Reprinted from GRAIN JOURNAL March/April 2020 Issue
by Barbara Krupp-Selyem
The Vona Equity Elevator was built in 1915 along the Chicago Rock Island Railroad (now the Kyle Railroad), in Kit Carson County, CO. It is a small 11,000-bushel, metal-sided, frame structure typical of others built in the Central and Southern Plains during that era.
A line shaft from a single cylinder engine powered the wood leg. Horizontal wood bands placed every four feet vertically secured the perimeter. The bins were interlaced with a maze of tie rods extending through the bands to provide support. Originally it was a farmers’ elevator, but it has changed ownership several times since it first opened more than 100 years ago.

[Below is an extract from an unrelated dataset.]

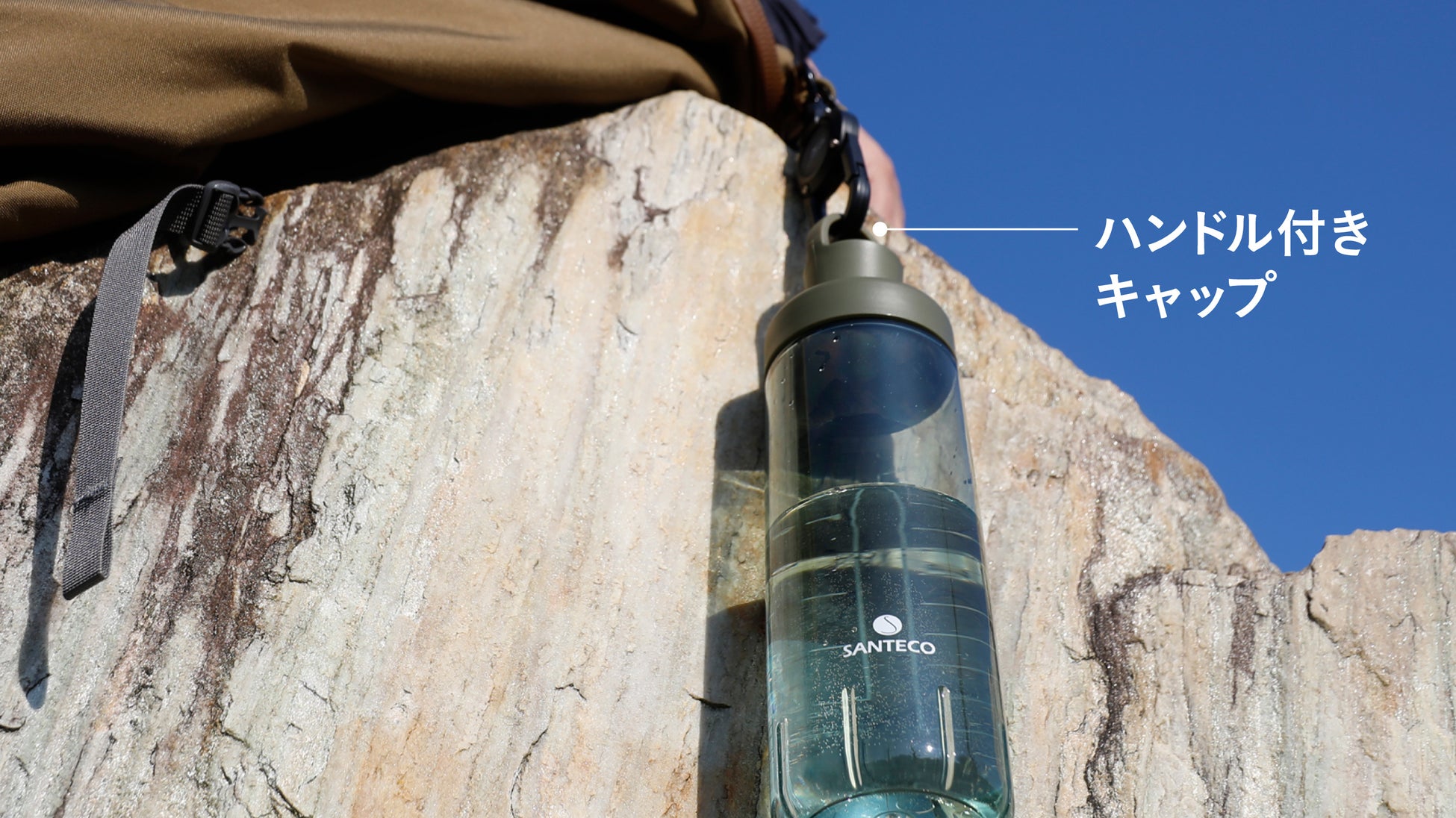 キャップにハンドルが付いているので、バッグにカラビナなどで取り付けたり、指を引っ掛けて持ち歩けるので移動の際便利です。

The events following the 1929 stock market crash dramatically altered the history of Kit Carson County. Many families, spurred by the Depression, the dust storms of the ‘30s, Ku Klux Klan activities, and the possibilities of government loans elsewhere, relocated to other areas.
Changing Hands
With little grain available, the elevator was closed for a period during the 1930s, and by 1940, many of the families involved with organizing the farmers’ cooperative at Vona had moved away. Hal McDougal of Colby, KS bought the elevator in 1940, and for the next four years, it was McDougal Grain Co.
In 1944, J. W. Borders, who owned the Snell Grain Elevator of Vona, bought out McDougal, and the elevator became part of the vBorders’ family business that would eventually include facilities at Hugo, Flagler, Arriba, Stratton, and Genoa, CO.

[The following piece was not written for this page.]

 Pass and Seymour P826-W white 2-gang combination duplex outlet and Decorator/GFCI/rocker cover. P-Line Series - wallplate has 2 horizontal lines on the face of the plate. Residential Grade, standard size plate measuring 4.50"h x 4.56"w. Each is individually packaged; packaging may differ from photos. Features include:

After World War II, farmers from Kansas started moving to the area around Vona, and agriculture in the region began to recover. Merle Ford (now deceased), who had been Vona’s postmaster and whose grandfather helped organize the original farmers coop, aptly described the events of that time, “Before the war, farmers used teams of horses; afterward they used tractors.”

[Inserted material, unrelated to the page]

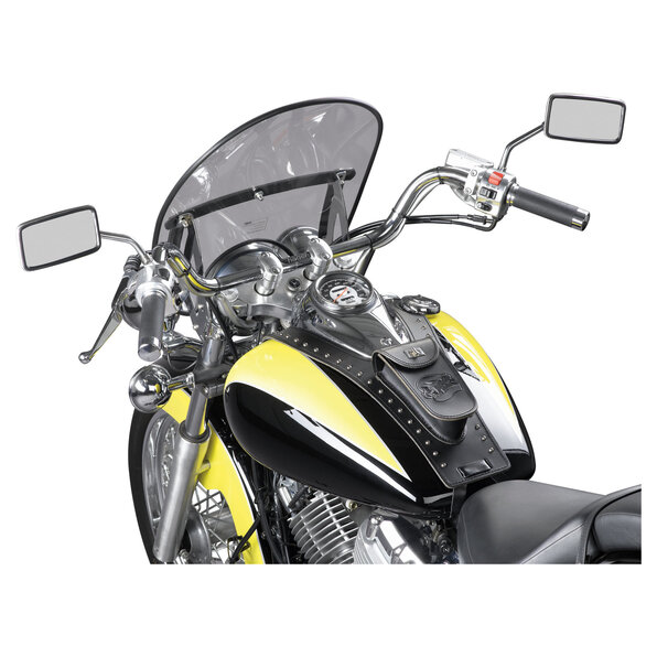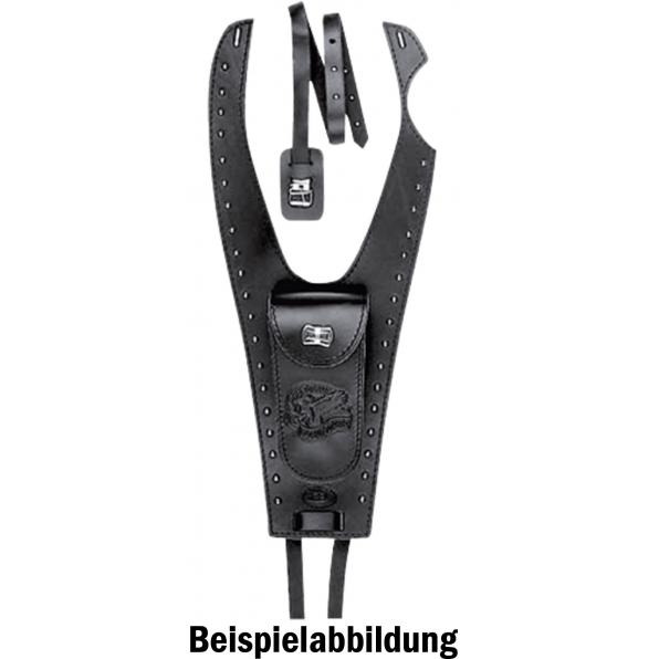 Protection du réservoir en cuir de vachette de 4 mm d'épaisseur, rivets décoratifs inoxydables, logo Eagle en relief et sacoche universelle sur certains modèles (exceptions, voir astérisques). Pour une meilleure adhérence, le dessous est revêtu d'un tissu antidérapant, qui protège la précieuse peinture du réservoir. La fixation s'effectue à l'aide de lanières en cuir (fournies à la livraison) sur la colonne de direction et sur le cadre de la moto, au-dessous de la selle.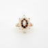 This beautiful 9ct rose gold ring features 0.60ct oval opals and round garnets set in an exquisite flower cluster. With a total weight of 5g, it is a stunning addition to any jewelry collection.

Though J. W. Borders and his son, Floyd, who later managed Snell Grain, are both deceased, some people in Vona still could recall the Borders era. Merle Ford, for example, remembered billiard games between Floyd and Hal McDougal. Tom and Nadine Burian, who owned the Oasis Service across the street from the elevator, remembered helping to erect two 20,000-bushel steel bins in 1949.
They also remembered the 1973 fire that destroyed the west elevator (Borders’ first Vona facility). Both Merle and Tom could list the names of every Snell Grain manager – A. W. “Sandy” Morgan, Max Deakin, Joe Doughty, and Leo Gurley.
Gurley managed the elevator for the Borders from 1961 to 1965, when the Borders family sold it to Smoot Grain; then he continued to manage for Smoot until 1979. In those days, managing an elevator was commonly a family job. Leo’s wife, Marjorie, worked side by side with her husband. She didn’t have a title and wasn’t paid much, but in her own words, “I did what needed to be done.” She recalled keeping the books, weighing trucks, and issuing scale tickets, as well as loading and unloading salt, lump coal, 50-pound sacks of chicken feed, and rolls of baling wire.
The Gurleys had six children; five worked at the elevator at one time or another doing odd jobs. According to Don, one of their sons, “Sometimes we were paid a little, and sometimes our pay was the sour grain we cleaned from the pit. We fed this to our hogs, which we ultimately sold for spending money and money for cars. Our favorite memories are of the social times, especially during harvest, when farmer friends brought their grain to the elevator.”
In 1979, Smoot Grain, by then a division of ADM, sold the old elevator to Charlie Schulte and his father, Raymond. Charlie managed the operation that included several large steel bins built at Vona and another facility at Bethune, CO as the Bethune-Vona Grain Co. It was once again a family business. Raymond and Charlie’s brothers farmed in the area and delivered their grain to Charlie at the elevator. From time to time, Charlie’s wife, Lois, worked there too, as did their teenage sons.
The Schultes quit using the 1915 wood house in 1989 as the drive shed was just too small for more modern grain trucks. When interviewed in 2000, Lois lamented, “The old elevator is in such good shape that we hate to tear it down.” She and Charlie wanted to donate it to a museum but were unsuccessful.
Still in Operation
The current owner, Tempel Grain Co., has the same perspective. Kelly Spitzer and her father, George Tempel (now deceased), bought the Vona elevator in 2006 or 2007 for the steel bin storage. They have never used the wood house.
Kelly says, “It would never pass OSHA inspection. The railroad (still the Kyle) says the tin blows off and lands on the tracks. It is a liability. However, we don’t want to tear it down either. We would like for the community to keep it, and we hope the funds might be available through a grant to replace the tin.”
Grain elevator operations have changed a lot since the Vona Equity Elevator was built in 1915. Today it is possible for a farmer to deliver his grain to an elevator and leave with his scale ticket, having had no face-to-face contact with any elevator employee. This may be more efficient and cost-effective, but many in Vona and other rural communities who have experienced the congeniality of the small town elevator, would argue that it is not a better way.